Nguyen also consults with culture critics and authors Sam Ho and Jeff Chang (whose book, We Gon’ Be Alright: Notes On Race And Resegregation, was turned into a series directed by Nguyen), who provide important context. Lee’s life has taken on mythical proportions, which can make it easy to forget what he was up against when he first began auditioning in Los Angeles. Along with Ho, Chang, and Mao, Lee’s brother Robert invokes the Chinese Exclusion Act and the Japanese internment camps—not just the pieces of legislation, but how they were fed by and promulgated anti-Asian racism. Chang describes Lee’s very presence on screen as act of protest, his martial arts prowess symbolizing a controlled fury over what had been done to Asians both in the U.S. and even Hong Kong.

Be Water explores how Lee navigated the different cultures he was born and raised in (his mother was of Chinese and Western European descent), suggesting he learned about Black liberation and the civil rights movement from friends like Glover and Abdul-Jabbar. Before his own legend began to grow, Lee had to contend with the model minority myth that’s only served to drive a wedge between minorities in the U.S. But Lee refused to be played that way; his rejection of rigidity, of strict division, we’re told, also applied to racism.
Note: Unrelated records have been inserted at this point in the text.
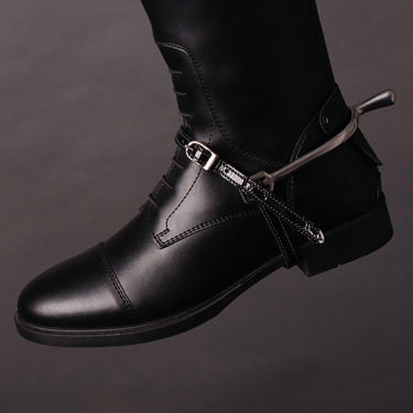 Laklederen spoorriemen met luxe, fijne gespsluiting. Lengte 47 cm.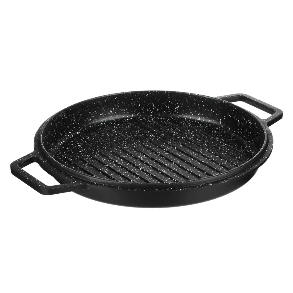 Алюминиевые ручки выдерживают высокие температуры, поэтому посуду можно использовать не только на плите, но и в духовом шкафу. Практичная крышка-сковорода расширяет функциональность изделия — её можно использовать отдельно для жарки или запекания.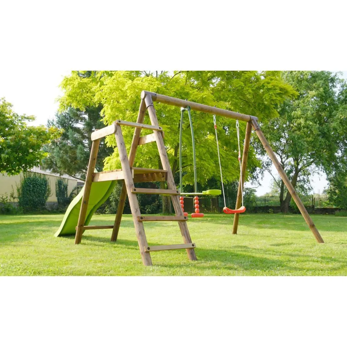 Se trata de un columpio de madera tratada con autoclave IV marrón. Es ideal para una casa con jardín, y para peques de 3 a 12 años.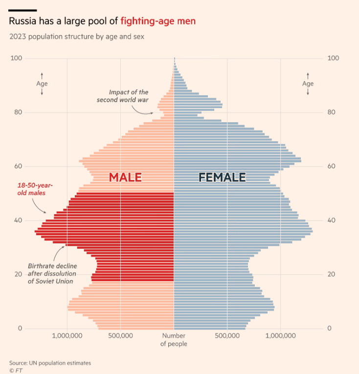 There are indeed about 30mn men of fighting age, 18-50, in Russia, but in that group only 9mn-10mn have military experience, primarily due to conscription, according to researcher and demographics specialist Igor Efremov.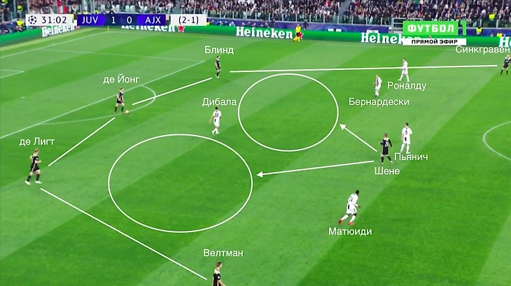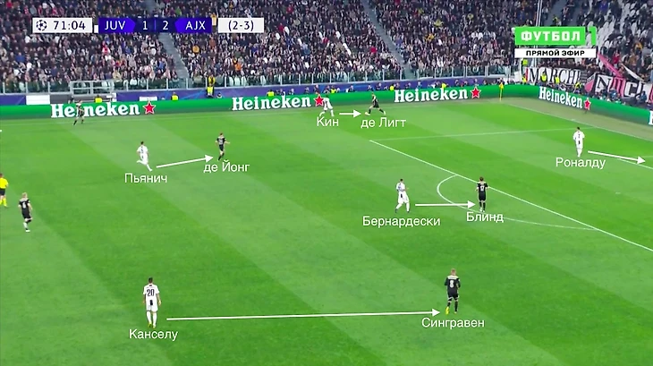 «Юве» вскрывает правый фланг. Блинд идет страховать левого защитника, а де Йонг тем временем займет позицию центрдефа

As the various streams of Nguyen’s storytelling converge, we see just how refreshing his view of Lee’s life is—although there’s plenty of discussion of the obstacles he faced, and of his work to build “bridges” between groups, Be Water never suggests that Lee transcended his race or background. All too often, when a Black person or person of color becomes an international superstar, their success is viewed as almost separate from their race or ethnicity. They succeeded in spite of it; they are embraced by those who insist they “don’t even see color.” But Be Water never forgets Lee’s heritage, or stops celebrating it. Even as Lee is described as “East meets West,” the documentary never stops pondering the ocean between.